Best Salisbury Steak Breakfast




Prep Time : 10 mins
Cook Time : 20 mins
Total Time : 30 mins

Seared ground beef patties slathered in rich onion-mushroom gravy. Served over mashed potatoes for an easy, any night, budget-friendly meal.


Best Salisbury Steak ~ seared ground red meat patties slathered in a wealthy mushroom-onion gravy. Serve over mashed potatoes for an clean, any night time comfort meal.

I awoke this morning with an unpleasant bloodless *ugh* the information of which I’ll spare you and at the same time as some humans lose their appetite after they’re unwell, mine certainly will increase for comfort meals, just like the Best Salisbury Steak ~ pan seared ground pork patties slathered in rich mushroom-onion gravy over a bed of creamy mashed potatoes.

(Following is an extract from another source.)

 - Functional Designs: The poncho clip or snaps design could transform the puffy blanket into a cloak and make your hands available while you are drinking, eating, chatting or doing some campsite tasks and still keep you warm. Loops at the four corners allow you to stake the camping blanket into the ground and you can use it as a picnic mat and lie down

I must stress ~ emphatically ~ that this isn't always the Salisbury steak of your youth. Provided you grew up like I did. Back in the day I truly enjoyed the food that got here from the ones divided foil trays. Making certain my food didn’t every different became a huge thing then. Who am I kidding? It nevertheless is.

I cherished the mashed potatoes and corn quality and could dunk them each within the Salisbury steak’s gravy. The meat itself became secondary and required ketchup.

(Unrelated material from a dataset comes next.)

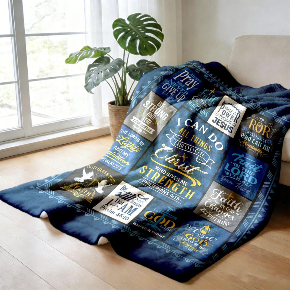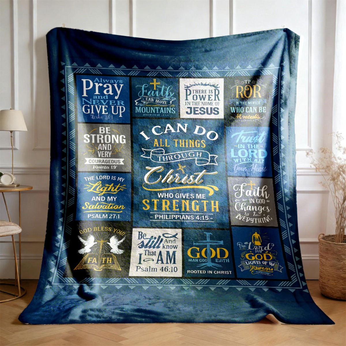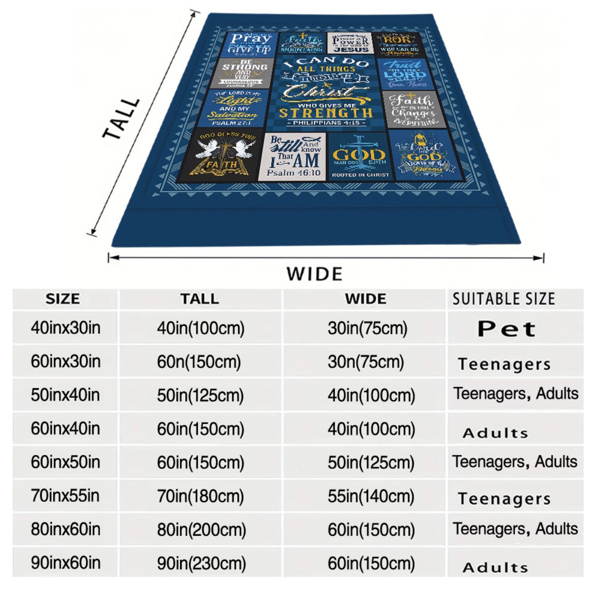 1pc Men's Inspirational Christian Flannel Blanket - Soft Blue Geometric Design w

Nothing about the Best Salisbury Steak requires ketchup. There’s so much wealthy, bold flavor happening. It’s the consolation meal you didn’t realize you wanted.

Best Salisbury Steak Ingredients: 
Salisbury Steak:

  •     ground round
  •     Italian flavored breadcrumbs
  •     egg
  •     ketchup
  •     Worcestershire sauce
  •     Dijon mustard
  •     sparkling parsley
Gravy:
  •     olive oil
  •     butter
  •     onion
  •     2 cloves garlic
  •     mushrooms
  •     flour
  •     beef stock
  •     McCormick Au jus gravy blend
  •     Dijon mustard
  •     Worcestershire sauce
  •     dried thyme
Instructions
  1. In a medium bowl integrate the red meat, breadcrumbs, egg, ketchup, Worcestershire sauce, Dijon and parsley.
        
  2. Divide the meat forming five-6 oval-formed patties about 3/4" thick then season them with salt and pepper on each aspects.
        
  3. Heat the oil and one tablespoon of butter in a skillet over medium-excessive heat. Add the patties to the skillet, searing on each aspects then transfer to a plate.
        
  4. Add the onions, garlic and mushrooms to the skillet and sauté allowing them to lightly brown then season with salt and pepper.
        
  5. Lower the heat to medium and upload the remaining 2 tablespoons of butter to the skillet. When the butter melts whisk within the flour and prepare dinner over low warmth 1 minute then pour in the beef stock,  Au jus seasoning, Dijon, Worcestershire and thyme. Scrape up any browned bits from the bottom of the skillet.
        
  6. Once the gravy thickens, nestle the Salisbury Steaks into the skillet which includes any leftover juices left on the plate. Cover and cook over low warmness approximately 10 mins or until the Salisbury Steaks are cooked through.
        
  7. Taste and modify salt and pepper as necessary and if the gravy is too thick, splash in more red meat stock 2 tablespoons at a time.